§ Prompt: The copy you return should hold only the lines from the top of the data below through the line with "- Complete 6-Pack", each duplicated exactly and with no pictures.
---- Information given
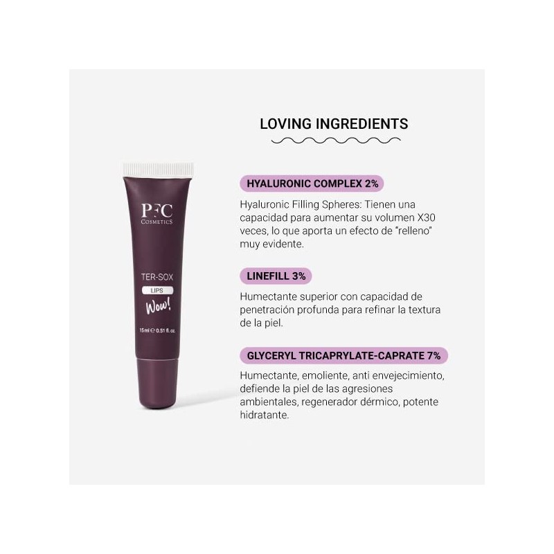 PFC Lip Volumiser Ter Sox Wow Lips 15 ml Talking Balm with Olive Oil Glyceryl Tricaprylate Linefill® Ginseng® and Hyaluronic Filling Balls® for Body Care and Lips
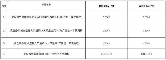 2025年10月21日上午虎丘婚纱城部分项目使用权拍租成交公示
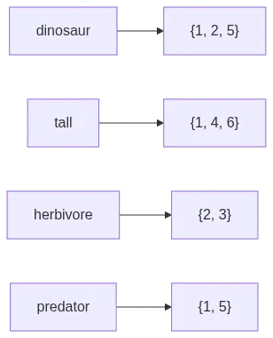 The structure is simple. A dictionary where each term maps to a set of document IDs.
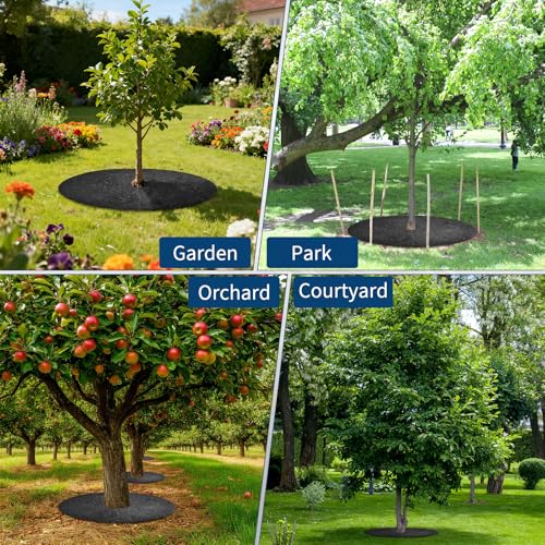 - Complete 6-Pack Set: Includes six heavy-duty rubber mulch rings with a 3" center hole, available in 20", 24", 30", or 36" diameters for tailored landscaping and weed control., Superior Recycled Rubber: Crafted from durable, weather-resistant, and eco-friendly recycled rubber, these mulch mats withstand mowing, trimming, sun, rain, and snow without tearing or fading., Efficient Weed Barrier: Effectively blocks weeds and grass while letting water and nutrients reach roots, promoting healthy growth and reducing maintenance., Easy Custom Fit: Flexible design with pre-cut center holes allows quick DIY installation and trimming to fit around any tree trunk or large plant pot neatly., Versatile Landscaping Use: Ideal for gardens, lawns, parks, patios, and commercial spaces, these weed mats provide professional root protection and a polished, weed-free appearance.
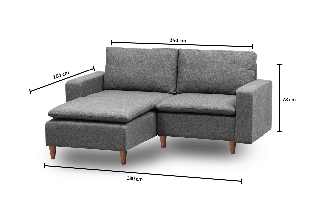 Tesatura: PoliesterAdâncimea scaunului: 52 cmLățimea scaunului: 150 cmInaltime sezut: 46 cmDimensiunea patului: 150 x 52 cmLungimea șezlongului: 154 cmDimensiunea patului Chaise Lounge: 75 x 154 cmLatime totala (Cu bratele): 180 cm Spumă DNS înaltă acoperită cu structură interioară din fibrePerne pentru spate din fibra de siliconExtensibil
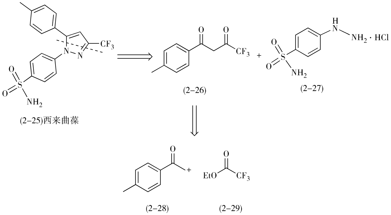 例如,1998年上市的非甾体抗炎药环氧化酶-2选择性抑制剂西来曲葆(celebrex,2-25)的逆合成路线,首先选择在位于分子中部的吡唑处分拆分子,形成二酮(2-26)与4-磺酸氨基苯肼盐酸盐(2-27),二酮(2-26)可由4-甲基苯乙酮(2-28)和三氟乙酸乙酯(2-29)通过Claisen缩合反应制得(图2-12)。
--------
§ Worked solution:
 PFC Lip Volumiser Ter Sox Wow Lips 15 ml Talking Balm with Olive Oil Glyceryl Tricaprylate Linefill® Ginseng® and Hyaluronic Filling Balls® for Body Care and Lips
 2025年10月21日上午虎丘婚纱城部分项目使用权拍租成交公示
 The structure is simple. A dictionary where each term maps to a set of document IDs.
 - Complete 6-Pack Set: Includes six heavy-duty rubber mulch rings with a 3" center hole, available in 20", 24", 30", or 36" diameters for tailored landscaping and weed control., Superior Recycled Rubber: Crafted from durable, weather-resistant, and eco-friendly recycled rubber, these mulch mats withstand mowing, trimming, sun, rain, and snow without tearing or fading., Efficient Weed Barrier: Effectively blocks weeds and grass while letting water and nutrients reach roots, promoting healthy growth and reducing maintenance., Easy Custom Fit: Flexible design with pre-cut center holes allows quick DIY installation and trimming to fit around any tree trunk or large plant pot neatly., Versatile Landscaping Use: Ideal for gardens, lawns, parks, patios, and commercial spaces, these weed mats provide professional root protection and a polished, weed-free appearance.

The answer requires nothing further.